Riduzione del peso: l’obesità viscerale è associata a uno stato proinfiammatorio attraverso la secrezione di citochine come TNF-α e IL-6 dagli adipociti. In diversi studi, l’obesità è stata associata a un aumento dell’incidenza e della gravità della psoriasi, nonché a un indebolimento degli effetti terapeutici di alcuni farmaci [35]. Inoltre, le citochine IL-17 e IL-23, che sono rilevanti per la psoriasi, erano elevate nelle donne obese ma non nelle donne magre [36]. In un ampio studio di coorte inglese su 75 395 pazienti affetti da psoriasi, l’obesità è stata riconosciuta come un fattore di rischio per lo sviluppo dell’artrite psoriasica [37]. Diversi studi prospettici controllati di riduzione del peso attraverso diete ipocaloriche nell’obesità hanno dimostrato un effetto additivo al trattamento dermatologico sulla gravità della psoriasi e sull’artrite [35]. È interessante notare che nelle persone obese è stata osservata una riduzione delle citochine infiammatorie circolanti grazie alla dieta ipocalorica [38]. Molto esemplificativi sono anche gli effetti della chirurgia bariatrica, che ha prodotto un notevole miglioramento dell’attività della psoriasi in diversi casi di studio [39,40].

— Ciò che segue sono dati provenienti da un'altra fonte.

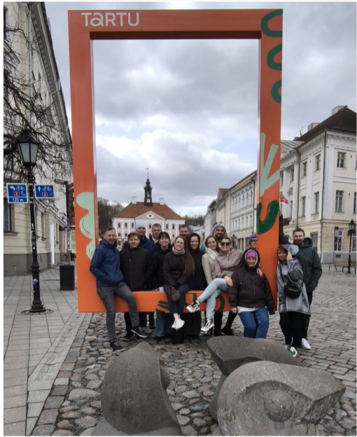
ciens ārpus Latvijas. Divu dienu laikā dejojāji ne tikai pārstāvēja Ērgļus

un Latviju, bet arī stiprināja kolektīva garu un iepazīna viens otru vēl tuvāk. Kā paši dejojāji smeļ – lai kļūtu par īstu komandu, kopā jāizbrauc ceļojumā un kopīgi jāiziet cauri dažādiem piedzīvojumiem.

Chi soffre di psoriasi ha un rischio cardiovascolare maggiore e anche un rischio maggiore di diabete [41]. Si pensa che questo sia causato da una ridotta sensibilità all’insulina dovuta all’infiammazione sistemica. Allo stesso modo, è di per sé un fattore di rischio cardiovascolare indipendente [42]. È quindi ancora più importante che le persone affette da psoriasi siano consapevoli di questo rischio e si occupino del loro stile di vita di conseguenza.
Fumo e alcol
Un’analisi di diversi studi di coorte di grandi dimensioni (Nurses Health Study, Health Professionals’ Follow-up Study) ha confermato che il fumo è un fattore di rischio indipendente, con un aumento graduale del rischio di incidenza a seconda del numero di anni-pacchetto e della durata del consumo di sigarette. Il rischio di incidenza relativa per 5-24 sigarette al giorno era addirittura doppio (RR 2,04) [43]. Uno studio prospettico su pazienti con pustolosi palmoplantare ha potuto persino mostrare un miglioramento clinico dopo la cessazione del fumo rispetto alla persistenza del fumo [44].
Il consumo eccessivo di alcol è comune anche tra le persone con psoriasi e si correla con la gravità della malattia e la risposta alla terapia [45]. Tuttavia, non è stato possibile confermare una relazione causale. Questo comportamento è altrettanto concepibile come reazione al peso della malattia.